Instructions to follow: Two lines mark the range in the entries below: the one holding "先後來到了日本及韓國,那年3" and the one holding "创始人翟志刚院长2006毕业". Set down those two and all lines between them, exactly.

Dataset records:
- Opening Delimiter -
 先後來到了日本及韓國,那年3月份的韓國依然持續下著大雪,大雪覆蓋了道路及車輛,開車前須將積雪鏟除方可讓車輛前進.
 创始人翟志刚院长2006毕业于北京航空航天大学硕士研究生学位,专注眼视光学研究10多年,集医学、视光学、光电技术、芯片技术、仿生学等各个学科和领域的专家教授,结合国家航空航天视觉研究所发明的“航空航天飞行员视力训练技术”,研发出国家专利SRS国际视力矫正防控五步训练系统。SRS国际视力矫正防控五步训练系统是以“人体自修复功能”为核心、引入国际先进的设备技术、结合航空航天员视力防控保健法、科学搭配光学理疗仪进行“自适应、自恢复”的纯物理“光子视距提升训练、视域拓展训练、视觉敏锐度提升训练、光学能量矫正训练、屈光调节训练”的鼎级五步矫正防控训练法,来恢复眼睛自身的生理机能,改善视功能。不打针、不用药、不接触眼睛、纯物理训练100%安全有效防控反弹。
- Closing Delimiter -
- Opening Delimiter -
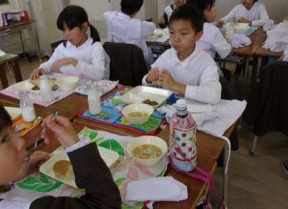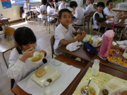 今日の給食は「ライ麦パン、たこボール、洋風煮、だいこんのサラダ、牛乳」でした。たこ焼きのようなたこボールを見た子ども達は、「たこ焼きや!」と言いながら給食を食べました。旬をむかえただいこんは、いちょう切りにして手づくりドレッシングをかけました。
- Closing Delimiter -
Result for this exercise:
 先後來到了日本及韓國,那年3月份的韓國依然持續下著大雪,大雪覆蓋了道路及車輛,開車前須將積雪鏟除方可讓車輛前進.
 创始人翟志刚院长2006毕业于北京航空航天大学硕士研究生学位,专注眼视光学研究10多年,集医学、视光学、光电技术、芯片技术、仿生学等各个学科和领域的专家教授,结合国家航空航天视觉研究所发明的“航空航天飞行员视力训练技术”,研发出国家专利SRS国际视力矫正防控五步训练系统。SRS国际视力矫正防控五步训练系统是以“人体自修复功能”为核心、引入国际先进的设备技术、结合航空航天员视力防控保健法、科学搭配光学理疗仪进行“自适应、自恢复”的纯物理“光子视距提升训练、视域拓展训练、视觉敏锐度提升训练、光学能量矫正训练、屈光调节训练”的鼎级五步矫正防控训练法,来恢复眼睛自身的生理机能,改善视功能。不打针、不用药、不接触眼睛、纯物理训练100%安全有效防控反弹。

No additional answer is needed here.